Transportador paga multa por dano ambiental, não dono da carga, decide STJ
A 1ª Seção do Superior Tribunal de Justiça voltou atrás e decidiu, nesta quarta-feira (8/5), que a multa por dano ambiental deve ser paga pelo transportador, não pelo dono da carga. Na prática, foi fixado o entendimento de que o destino da multa administrativa aplicada por órgãos como Ibama, ICMBio, Cetesb, secretarias estaduais e prefeituras deve ser o transportador da carga, e não o proprietário da carga.
O caso concreto em discussão foi um episódio ocorrido em 2005 no município de Guapimirim (RJ). Uma carga de óleo diesel da Ipiranga estava sendo transportada pela ferrovia FCA. Houve um acidente e foi derramando combustível em área de preservação ambiental.
Fonte: STJ

Após consolidação da propriedade, juiz não pode restringir direito de credor alienar bem apreendido
A Terceira Turma do Superior Tribunal de Justiça (STJ) deu provimento ao recurso de um banco contra decisão do Tribunal de Justiça de Mato Grosso (TJMT) para afastar as limitações impostas ao seu direito de propriedade sobre um bem objeto de busca e apreensão. Os ministros consideraram que, uma vez consolidada a propriedade em favor do credor, é descabida a determinação no sentido de que ele somente possa alienar, transferir ou retirar o bem da comarca com autorização do juízo competente para julgar a ação de busca e apreensão.

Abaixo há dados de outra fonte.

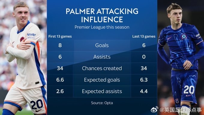 2025-02-25 21:02:25天空体育:帕尔默过去13场英超创造34次机会,但没有收获一个助攻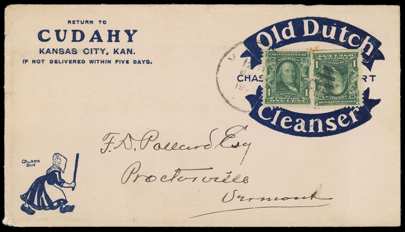 (Household Goods) "Old Dutch Cleanser", Cudahy, Kansas City Kans., blue illustrated front and back advertising on cover bearing two 1¢ green (300) singles tied by indistinct duplex to Proctorville Vt., some light edge wear and small backflap tear, F.-V.F.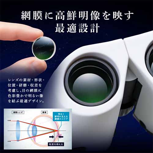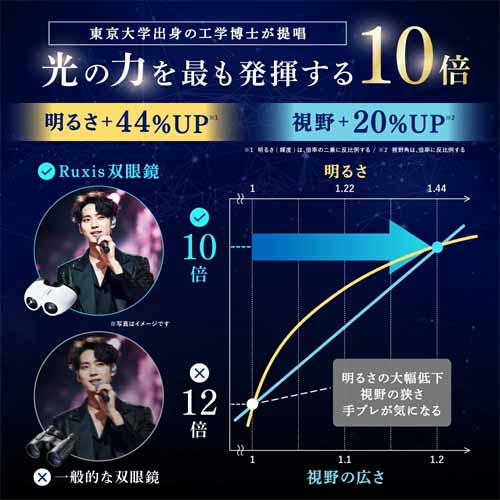 倍率は光の力を最も発揮する10倍、透光率99.5%以上の最先端光学レンズで、明るくクリアな映像を実現。9層のフルマルチコーティングが、夜公演や屋内でも高い視認性を発揮します。65°の広視野で、手ブレを軽減するアイカップも嬉しいポイント。
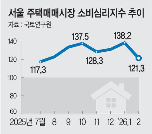 17일 국토연구원이 발표한 ‘2026년 2월 부동산시장 소비자 심리조사’에 따르면 2월 수도권 주택매매시장 소비심리지수는 114.4로 1월 127.5보다 13.1포인트 하락했다. 상승국면이던 수도권 매매심리가 한 달 만에 보합국면으로 내려온 것이다. 서울은 138.2에서 121.3으로 무려 16.9포인트 떨어지며 전국 주요지역 가운데 낙폭이 가장 컸다. 전국 기준으로는 122.1에서 112.3으로 9.8포인트 내렸다.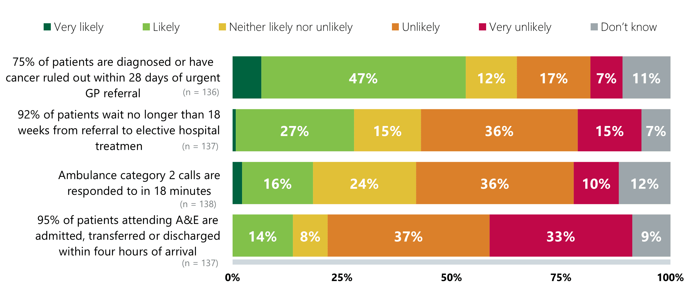 - Around half of respondents felt that it was unlikely that 92% of patients wait no longer than 18 weeks from referral to elective hospital treatment or that ambulance category 2 calls are responded to in 18 minutes in the next five years (50% and 46% unlikely, respectively).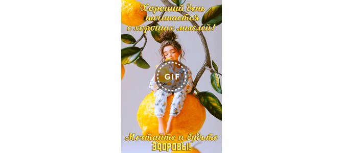 Анимированная открытка "Хороший день начинается с хороших мыслей! Мечтайте и будьте здоровы!"

No caso analisado, após a comprovação do atraso no pagamento do financiamento, o juízo competente deferiu a medida de busca e apreensão de um veículo, mas estabeleceu como condição que o banco se abstivesse de alienar, transferir ou retirar o bem da comarca sem autorização – decisão mantida em segunda instância e reformada pelo STJ.